Debbie and Roddy emerge from the Chinese restaurant into the sunlight, blinking.

“Oh-my-God!” Debbie shouts, “Roddy! The car!”

The Lexus speeds past them, heading towards the retail park exit, the teenage driver apparently planning to cut straight across the busy main road traffic and into the housing development beyond. Roddy chases it uselessly.

“Stop!” he shouts, but no-one hears.

He looks up. A huge advertising hoarding reads “Welcome to Boroimhe: 4 and 5-bed houses / 1 bed apartments for sale”. A pale blue Fiat Punto pulls directly into the path of the Lexus and stops in the middle of the junction, waiting to turn right into Boroimhe.

Marie O’Connor’s mobile rings, as she waits in the Boroimhe turning bay. She gropes about in her handbag and finds it. The dial reads “Steve”. She hesitates. Answer now? What if the Guards see me? Wait until I pull off the main road? What if he’s gone? What if he pops the question here and now? To her left, she hears the sudden screeching of a car being driven at high speed. She looks across towards Airside and sees a red Lexus Coupe Convertible with a boy at the wheel hurtling directly towards her. Her hand reaches instinctively for the gear stick but she knows she has no chance. She knows there is no question of reversing or shunting forward out of the way. The phone stops ringing.

At the last second, the Lexus swings to the right, avoiding collision. It skids onto the southbound carriageway and speeds off, weaving and manoeuvring among the oncoming cars, heading back northwards towards the Travelodge on the wrong side of the road. A skinny girl on the footpath jumps up and down, shouting at the stolen car. Marie is overcome by a sensation of paralysis in her thighs and calves, and struggles to breathe. Her phone begins to ring again.
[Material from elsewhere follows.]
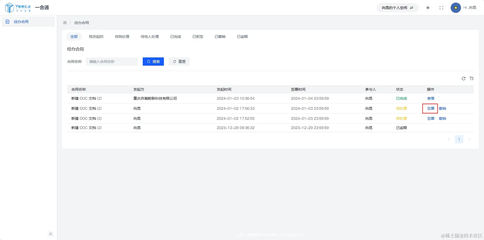 Web 用户端,支持在线签署合同,点击“签署”跳转到相应的签署页面

Traffic has been stopped for a few minutes now. Eugene eventually puts down his newspaper, checks his silver watch, seven o’clock exactly, and looks out the window to see what’s going on. From his elevated perch, he surveys the carnage up ahead. He runs down the stairs.
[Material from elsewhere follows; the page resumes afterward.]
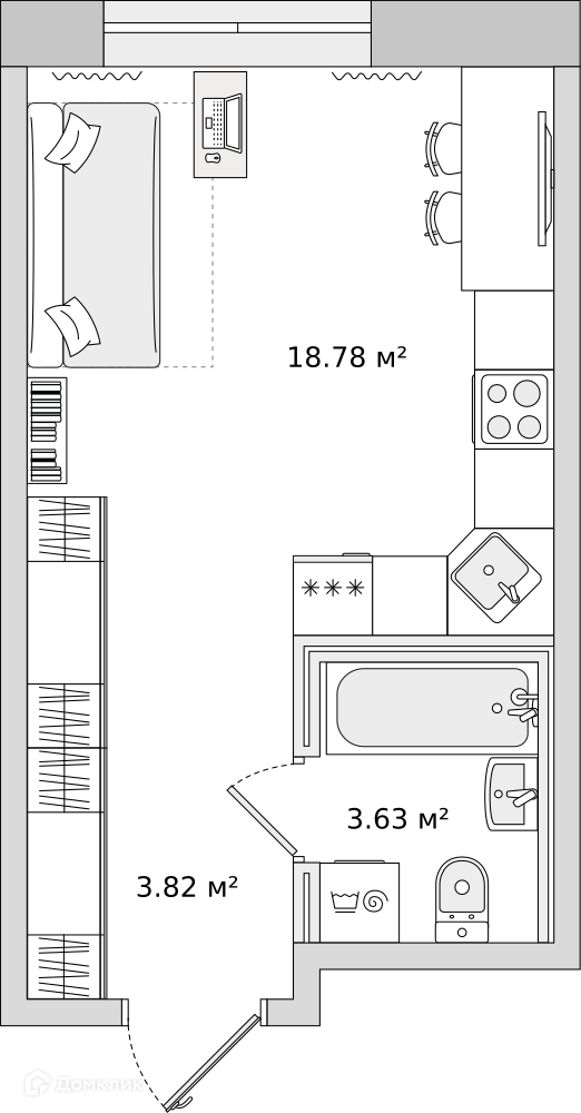 Общая площадь 26.3 м2

“Joe, Joe! Let me out,” he says, “There’s an accident up ahead. African woman out on the road hollerin’, goin’ mad.”

“Huh? Is that what it is? And what are ya gonna do, Eugene? Are ya gonna walk home to Lusk from here?”
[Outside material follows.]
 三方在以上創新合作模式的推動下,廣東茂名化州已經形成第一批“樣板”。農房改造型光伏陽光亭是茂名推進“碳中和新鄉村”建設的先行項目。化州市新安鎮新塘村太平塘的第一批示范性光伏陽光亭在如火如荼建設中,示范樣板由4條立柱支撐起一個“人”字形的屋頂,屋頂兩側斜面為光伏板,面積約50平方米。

“No, Joe! I’m trained in First Aid. I’m gonna see if I can help.”

Joe pushes the button and the doors hiss open. Up ahead he can hear the anguished screams of a Nigerian woman crying out to Jesus Christ. Jesus Christ, my Lord and Saviour! You will not allow this! Oh, my child! Oh, my sister! Jesus, You must not allow this! Jesus Christ, You are my Lord and Saviour!

Joe closes the door again. He leans his elbows on the steering wheel, rests his chin on his cupped hands and watches as portly Eugene races along between the stationary cars, belly bouncing up and down, his jacket swinging in the summer breeze, hitching up his Securicor trousers as he runs to assist with the dead and the injured.